* Flagging exports, fewer remittances feed deficit
* Foreign investment in stocks, bonds hit record high
MEXICO CITY Nov 23 (Reuters) - Mexico posted a current account deficit in the third quarter as a global slowdown weighed on exports, but foreign investment in domestic stocks and bonds jumped to a record high.
Demand for exports flagged in the quarter and Mexicans living in the United States sent home less cash, leading to a current account deficit of nearly $3.7 billion in the July to September period, central bank data showed on Friday. It was the first deficit since the 4th quarter of 2011.
The quarterly balance of payment data, which provide a snapshot of Mexico's dealings with the outside world, showed that exports during the quarter slipped 3.4 percent from the second quarter to $91.243 billion.
The amount of cash sent home by Mexicans living abroad was nearly 12 percent lower than in the same period last year at $5.4 billion.
"The deficit is basically reflecting the global slowdown," said Joel Virgin, an economist at Citigroup-unit Banamex in Mexico City. "On the positive side, imports fell by a slower pace, underscoring some strength in local demand."
Imports dipped 0.6 percent from the second quarter to $92.4 billion.
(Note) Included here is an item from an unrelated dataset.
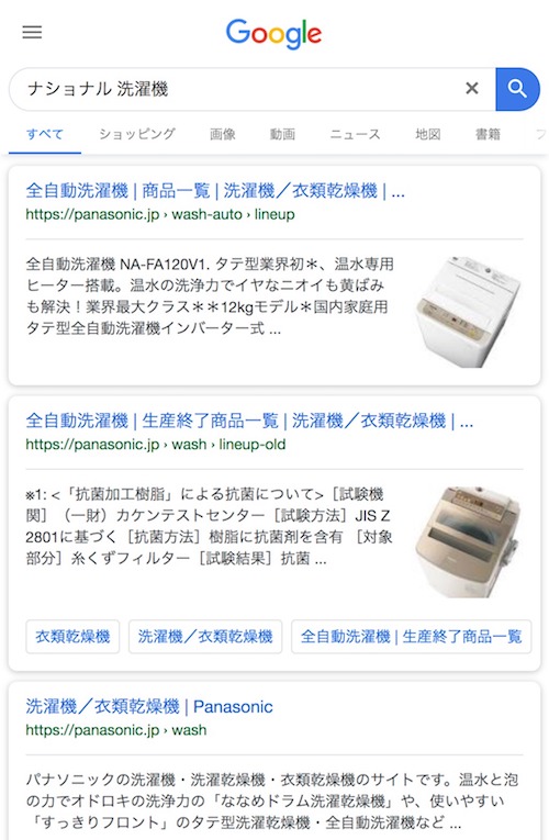 今さら感満々ですが、「ナショナル 洗濯機」で検索してもきっちりパナソニックのページだけが出る。パナソニックのページ内を検索してもナショナルとは1箇所も書かれていない。#金曜日のネタ帳 pic.twitter.com/wkPxkoxFlD

The pace of growth in the third quarter, but analysts project the economy is still on track to grow close to 4 percent this year.
Meanwhile, portfolio investment by foreigners rose to a record high during the third quarter.
Central banks in the United States, Europe and Japan committed to further monetary easing in the third quarter, boosting the appeal of higher-yielding emerging market assets.
While growth in Latin America's No. 2 economy is slowing, Mexico is still holding up better than other economies amid the wider global downturn, which also makes local assets attractive.
Foreign investment in peso-denominated bonds rose to more than $14 billion, while flows into the Mexican stock market and locally issued corporate debt was $1.2 billion.
Total portfolio investment in Mexico by foreigners reached $24 billion, boosted by a share offering of the Mexican unit of Spain's Santander in New York, as well as a $2.75 billion in debt issue by Carlos Slim's America Movil .
Flows into local stocks have held up in the fourth quarter as foreigners pumped $796 million more into stocks in October, helping drive the IPC stock index to a record high, data on the central bank's website showed.
The cumulative current account deficit was the equivalent of 0.3 percent of gross domestic product, the central bank said. Year-to-date, the current account recorded a deficit of $2.6 billion.
Mexico's foreign reserves rose to a new record of $165.6 billion by the end of September.